Do they just watch? Or do they also play a little? To defuse what they see, and what we as viewers only hear? When the camera focuses on their faces while they watch a sex scene they once performed, some well-known Dutch actors in this documentary by Tamar van den Dop each go through their own feelings: embarrassment, satisfaction, emotion, fun or sadness.
“I just don’t really understand why this has to be on screen for so long,” says Nora El Koussour, for example, upset when she sees a scene of herself in Can I touch you? (73 mins). She finds the scene confrontational, even humiliating. ‘It has started to seep into my own life. After that, the respect just disappears for me.’ After the recording she received a bouquet of flowers, her opponent was left empty-handed.
In any case, it remains fascinating: looking at looking – and at the same time not seeing what they see. For example, the young actors Joes Brauers and Lina Heijmans first read aloud the script of what is to be ‘a turbulent lovemaking’ and then separately view the resulting scene.
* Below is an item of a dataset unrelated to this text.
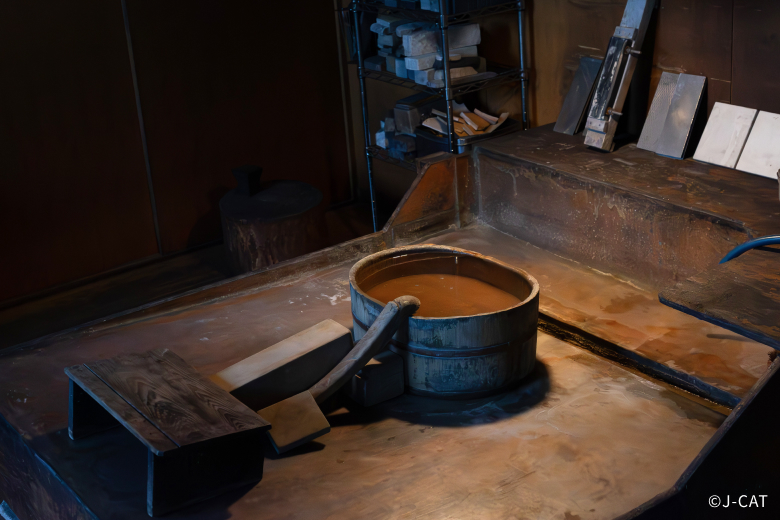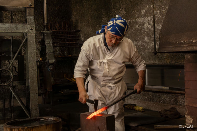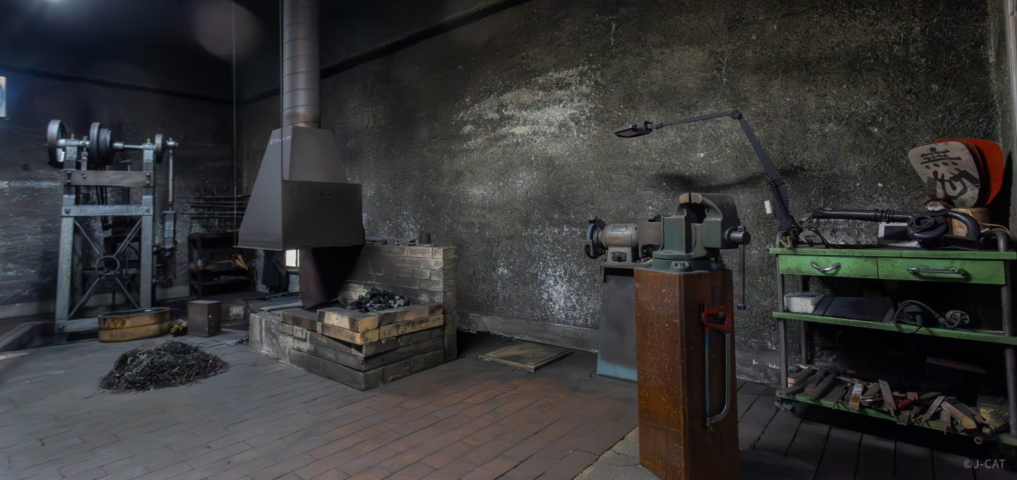 After the video, Miyairi leads the way to the smithy for a look at the actual process of forging. The central process of firing – in which a sword is heated, hammered, stretched, folded, and forged – has such a gravity that it has at times been regarded with the significance of a religious ceremony. Here you can experience the birth of a sword up close with your own senses: watching the swordsmith’s movements, feeling the heat, hearing the hammering, and smelling the forge.

It is an intimate spectacle, even for those who are not directly involved and cannot even observe it themselves.
In this interview film, Van den Dop, who is also active as an actress, director and screenwriter, further questions colleagues such as Monic Hendrickx, Gijs Naber, Hannah Hoekstra, Jeroen Spitzenberger and Georgina Verbaan, while they are pinned to a transmitter microphone or powdered on the film set. About the do’s and don’ts of sex scenes – and thus also the change(s) in sexual morality.
‘Just do it (just do it)’, they were regularly told by film directors. And also: ‘could it be a little hotter?’ They were usually not allowed – and did not want to/dared/could – to make things too difficult. And Van den Dop continues to ask: is it sometimes just nice? Do you sometimes get excited? How do you tell your family that you are going to play a gay role? Can your children see this scene? And: are you actually on porn sites? And what do you think about that?
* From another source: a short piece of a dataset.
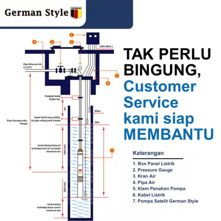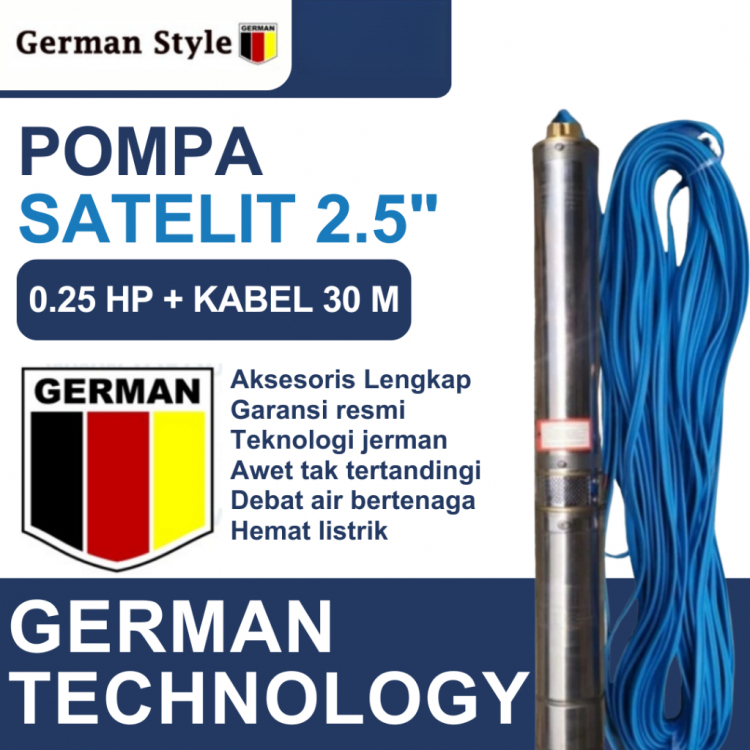 Pompa Satelit Air - Pompa Celup Satelit 2.5" German Style 0.25 HP - Pompa Air Submersible - Kabel 30 Meter - Mth15

When it comes to sex, times have changed considerably, especially since #metoo. ‘I started to look more critically: is it necessary?’ says Rifka Lodeizen, who was regularly seen functionally naked, for example to her make-up artist, who has already been told by Waldemar Torenstra that he sometimes has contracts specify that he no longer takes off his clothes. Nowadays some films also have an intimacy coordinator.
As children of the freedom-joy of the sixties and seventies, the veterans Peter Faber and Jeroen Krabbé have little regard for such developments, which can be categorized under the heading ‘new prudishness’. “It’s as if Queen Victoria is back again,” sighs Krabbé. At the same time, after some further questioning, it turns out that he had also had some bad experiences during filming in the past.
On the other hand: perhaps the current reluctance also means that sexuality is now left to advertising and porn? And what does that mean again? Like this waedt Can I touch you? brave and delicate, without for a moment becoming navel-gazing, through the swamp surrounding sexuality on screen. And if appearances are not deceiving, this will no longer be as obvious as in the past.
How it should or should be done remains a matter of interpretation and feeling. Just like in real life.